Meet Mr. Wilber Shirley.

We had lunch yesterday with a couple of Janet’s cousins and their spouses at Beaugard’s Southern Barbecue in Wilmington. Hadn’t been there in couple of years but Beaugard’s is as good a cue as can be found above the Mason-Dixon Line. I didn’t have a column written for today so with the zing of Beaugard’s hot sauce still on my tongue I decided to reprise something BBQ related from the past. Here’s an article that was published in the Times Gazette in 2002.

Barbeque I’ve Known
February 3, 2002

Maybe it’s because I was born in South Carolina but, I never tire of going south. When most folks think of the South visions of magnolias, antebellum homes, pine trees or NASCAR may come to mind. For me, it’s barbeque.

My frequent sojourns into the Carolinas are in constant pursuit of the perfect meal of pork (there is no other kind) slow cooked over a bed of hickory coals.

The best barbeque is found in the Carolinas and even there regional differences will be found.

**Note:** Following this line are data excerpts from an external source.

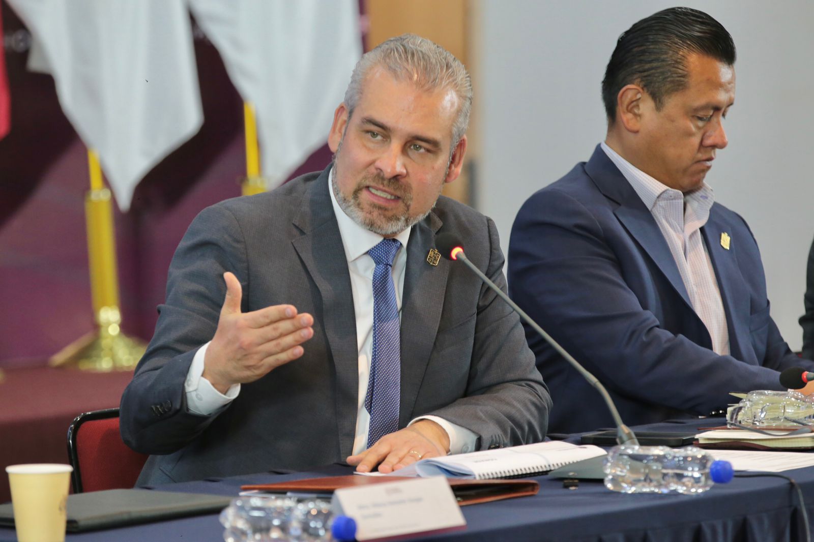 En mesa de trabajo encabezada por el gobernador Alfredo Ramírez Bedolla y con la participación del coordinador nacional Antisecuestros, Marco Antonio Vargas González, los titulares de la Secretaría de Seguridad Pública (SSP), Fiscalía General del Estado (FGE) y Poder Judicial expusieron la situación actual de este tipo de incidencia así como los planes operativos y administrativos para atender y fortalecer lo establecido en el Código Penal en materia de extorsión.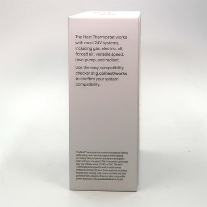 Implement energy-saving temperature control in your home with the snow Google Nest Thermostat. Compatible with most HVAC systems, this unit features a 2.4" IPS LCD screen, dual-band Wi-Fi and Bluetooth Low Energy connectivity, temperature adjustments for seasonal changes, and smart energy monitoring. Remote management is possible thanks to the Google Home app. Compatibility with Amazon Alexa and Google Assistant enables seamless voice control.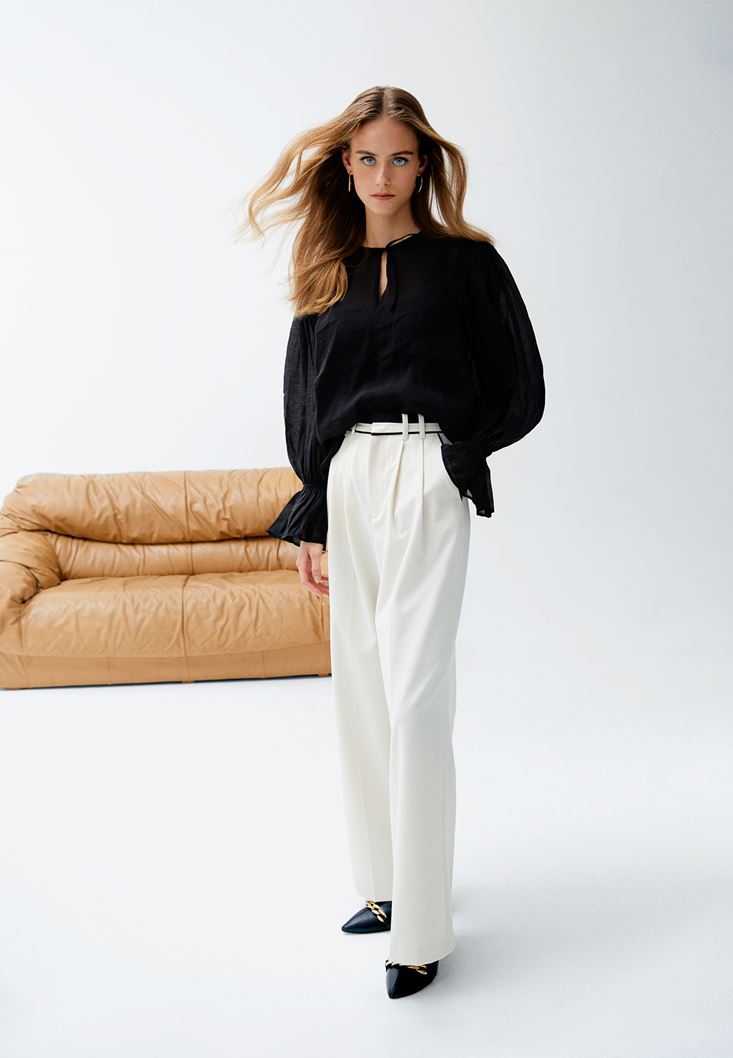 Viskon karışımlı doku, yüksek bel, bedenden uzak rahat fit, bol paça, ön kısmı pileli, iki cepli.

In eastern North Carolina BBQ is usually “whole hog” and the traditional sauce is simply vinegar spiced up with salt and crushed red pepper.

In the western part of the state BBQ is typically pork shoulder and some tomato and sugar is slipped into the sauce. Hush puppies and slaw are commonly served throughout North Carolina as an appetizer, like tortilla chips in a Mexican place.

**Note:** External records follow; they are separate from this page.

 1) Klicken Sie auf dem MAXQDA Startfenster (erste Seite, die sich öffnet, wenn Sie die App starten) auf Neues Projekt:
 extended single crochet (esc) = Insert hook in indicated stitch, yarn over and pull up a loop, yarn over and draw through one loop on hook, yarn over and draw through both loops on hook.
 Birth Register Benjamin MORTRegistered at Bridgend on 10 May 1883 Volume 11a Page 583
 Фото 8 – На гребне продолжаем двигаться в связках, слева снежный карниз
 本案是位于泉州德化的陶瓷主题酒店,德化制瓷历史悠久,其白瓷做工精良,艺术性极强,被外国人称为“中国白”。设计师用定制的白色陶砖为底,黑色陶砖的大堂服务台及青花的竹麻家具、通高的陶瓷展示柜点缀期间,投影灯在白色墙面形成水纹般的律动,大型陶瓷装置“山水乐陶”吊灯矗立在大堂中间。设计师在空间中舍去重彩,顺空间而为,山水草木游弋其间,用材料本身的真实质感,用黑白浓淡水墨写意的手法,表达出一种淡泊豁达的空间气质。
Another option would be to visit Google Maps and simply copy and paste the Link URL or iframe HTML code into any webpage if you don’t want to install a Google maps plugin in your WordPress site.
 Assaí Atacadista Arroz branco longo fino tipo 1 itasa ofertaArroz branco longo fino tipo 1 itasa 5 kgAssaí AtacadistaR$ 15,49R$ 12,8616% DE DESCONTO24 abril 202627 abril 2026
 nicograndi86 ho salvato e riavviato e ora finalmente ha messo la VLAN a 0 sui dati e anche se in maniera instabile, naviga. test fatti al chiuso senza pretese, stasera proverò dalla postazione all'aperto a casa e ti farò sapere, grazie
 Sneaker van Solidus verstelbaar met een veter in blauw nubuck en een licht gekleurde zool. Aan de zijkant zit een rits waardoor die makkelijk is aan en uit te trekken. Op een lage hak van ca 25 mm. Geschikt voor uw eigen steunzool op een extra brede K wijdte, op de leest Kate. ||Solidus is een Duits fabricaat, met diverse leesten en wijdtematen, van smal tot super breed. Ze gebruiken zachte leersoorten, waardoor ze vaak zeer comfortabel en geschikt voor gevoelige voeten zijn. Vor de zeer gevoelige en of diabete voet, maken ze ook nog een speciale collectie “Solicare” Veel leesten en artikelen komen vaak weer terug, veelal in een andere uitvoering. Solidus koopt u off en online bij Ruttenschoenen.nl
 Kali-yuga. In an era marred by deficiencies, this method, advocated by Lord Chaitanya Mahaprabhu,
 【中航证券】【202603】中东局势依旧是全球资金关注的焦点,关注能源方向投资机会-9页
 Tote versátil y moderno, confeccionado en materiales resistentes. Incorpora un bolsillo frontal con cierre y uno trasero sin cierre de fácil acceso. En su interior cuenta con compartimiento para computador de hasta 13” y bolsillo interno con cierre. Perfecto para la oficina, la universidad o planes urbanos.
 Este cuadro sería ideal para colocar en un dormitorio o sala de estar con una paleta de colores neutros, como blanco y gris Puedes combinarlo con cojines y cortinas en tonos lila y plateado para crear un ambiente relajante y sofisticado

In South Carolina, especially around Columbia, hams are the preferred cut of the hog and the sauce is a golden mustard-based sweet concoction served with white bread and something called BBQ hash. Hash is a liver-based gravy served over a bed of white rice.

Now, back to my quest and what have I discovered? To date the absolute best BBQ in this known world is to be found at a legendary BBQ joint in Goldsboro, NC,  Wilber’s. It is “the” place and it’s an institution where typically twenty-five hogs each day are slow cooked over hardwood coals and a meal of chopped BBQ, potato salad, vinegar slaw, hush puppies and sweet tea (the vin ordinaire of the south) can be had for only $5.50.  Wilber’s, because it is located next to Seymour-Johnson AFB, is world-renowned.

Second best is Sweatman’s and is located outside Holly Hill, SC. Five generations of Sweatman’s have been cooking up hogs for general consumption and $5.00 will get you all the food you can possibly handle at one sitting. It is superb but they’re only open on the weekends.

Third on my list is Maurice’s Piggy Park BBQ in West Columbia, SC. The food is great but be prepared for a liberal dose of conservative politics that’s served along with it. Maurice hasn’t figured out that the Civil War is over and his side lost.

These are my picks but the quest continues. Others, naturally, will disagree with my choices. But, if the best BBQ sandwich you ever ate came out of a can at the corner dairy bar you probably qualify for some government culinary disability program.